- _GIVEN INFORMATION_
•••
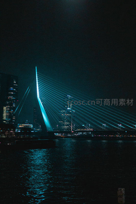 一座被蓝色灯光点亮的斜拉桥静卧于河面之上,倒影随波荡漾,营造出宁静而梦幻的都市夜景氛围。
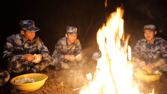 新兵們找來石塊樹枝
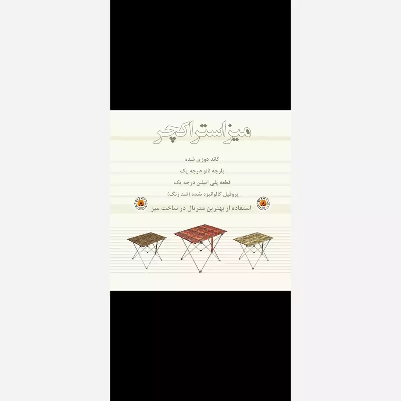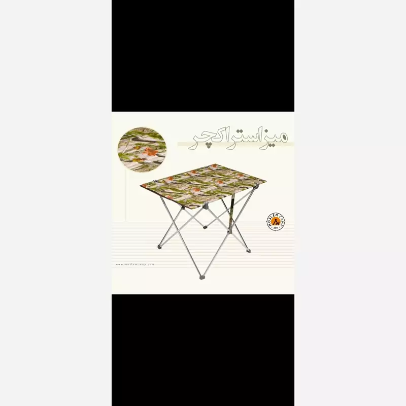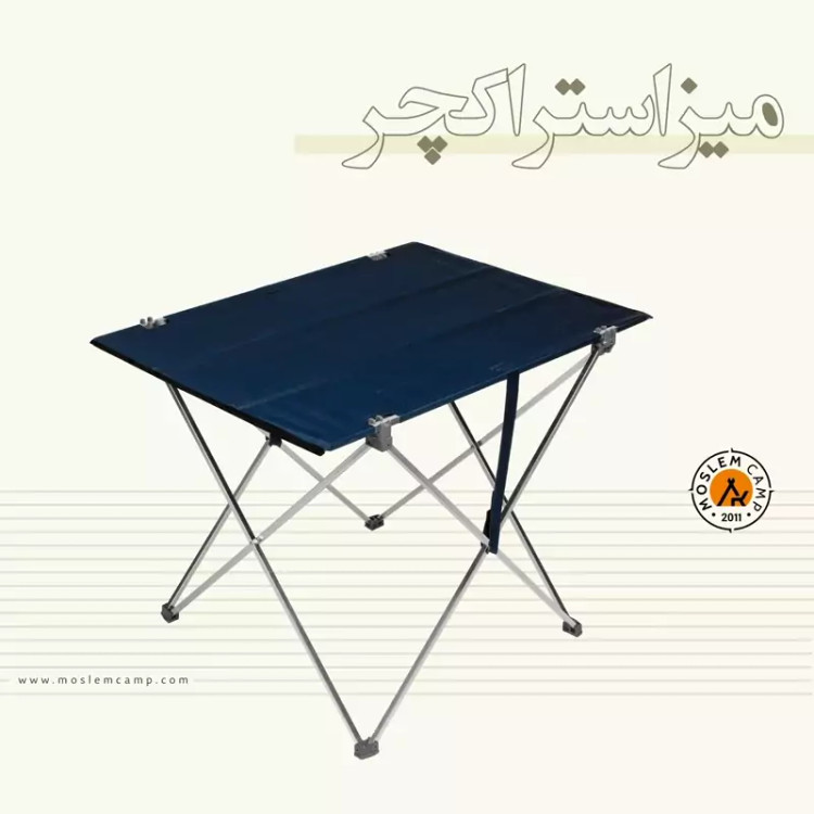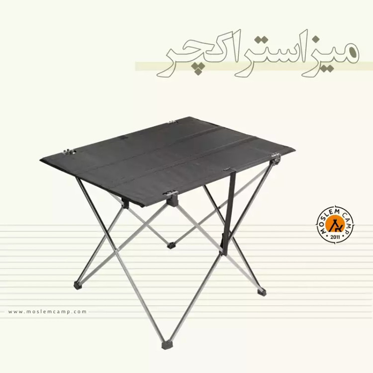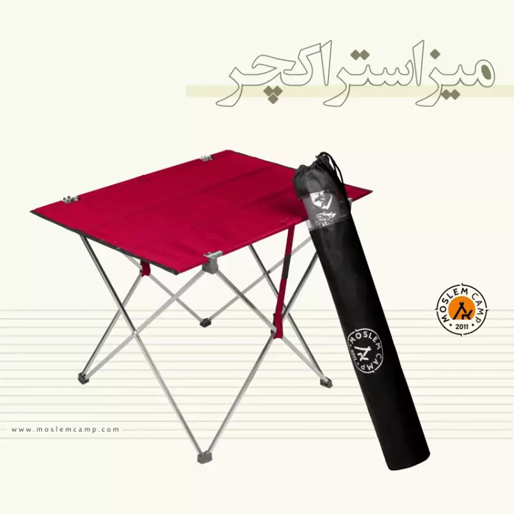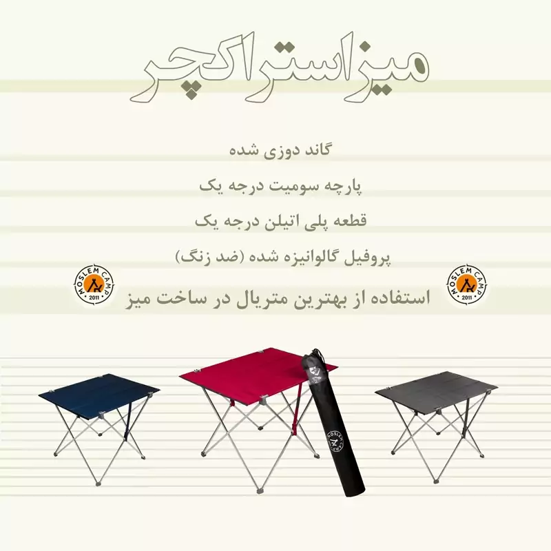 میز استراکچر مسلم کوچکترین و جمع و جورترین میز مسافرتی موجود در ایران محکم و بادوام دارای 4 عدد مسوار قوی در صفحه قطعات پلی اتیلن نشکن صفحه پارچه سومیت درجه 1 به همراه گاند دوزی دارای کاور حمل موجود در رنگ بندی قابلیت ست شدن با صندلی ها چادردوزی امیر نمایندگی فروش محصولات خانه چادر
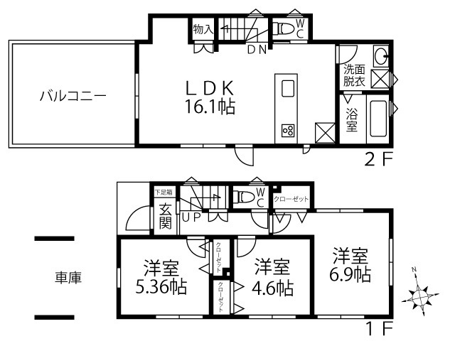 | 間取り | 3LDK | 間取り詳細 | LDK16.1・洋室5.36・洋室6.9・洋室4.6 | 専有面積 | 74.31㎡ |
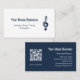 Classic music lessons business card with a navy blue treble clef symbol. With customisable lettering, you add your own information. You also add your website to allow for connection with a QR code. Great for promoting your music lessons or performing business.
•••
- _INSTRUCTIONS TO FOLLOW_
Only the lines from the line containing "専有面積 | 74.31㎡ |" through the end of the material should be retyped, exactly and in full, with no pictures.

- _REPLY_
 | 間取り | 3LDK | 間取り詳細 | LDK16.1・洋室5.36・洋室6.9・洋室4.6 | 専有面積 | 74.31㎡ |
 Classic music lessons business card with a navy blue treble clef symbol. With customisable lettering, you add your own information. You also add your website to allow for connection with a QR code. Great for promoting your music lessons or performing business.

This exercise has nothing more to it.